Keep the lines exact and the pictures out as you repeat the following listing.

### Stored data:
———
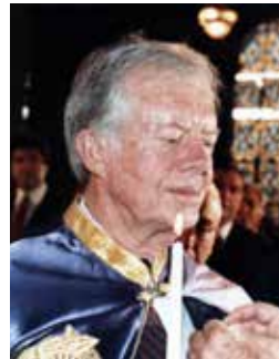
Archon President Jimmy Carter US President
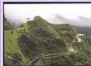
R B Pednekar
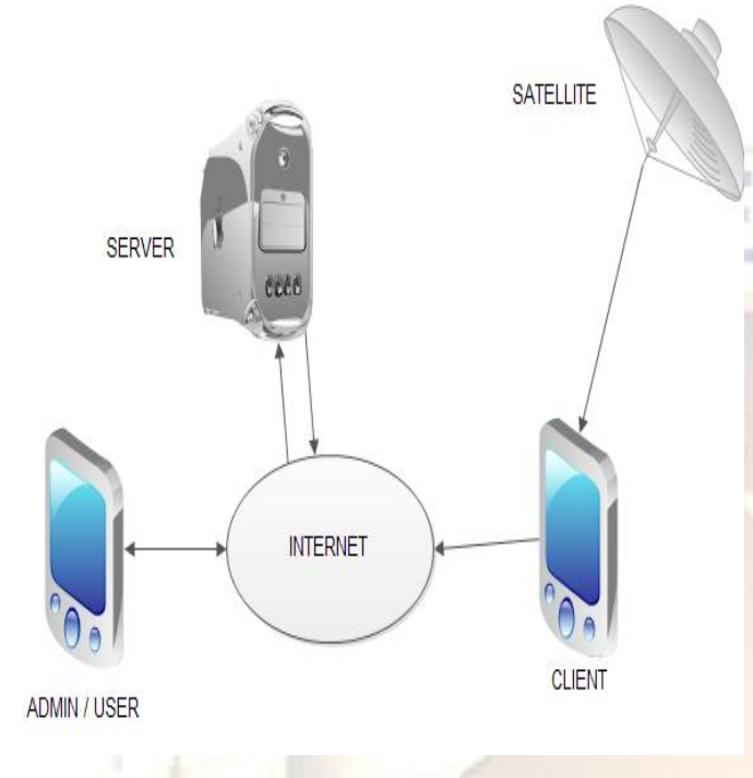
Fig.4.0 system architecture
———
### Final answer:
Archon President Jimmy Carter US President
R B Pednekar
Fig.4.0 system architecture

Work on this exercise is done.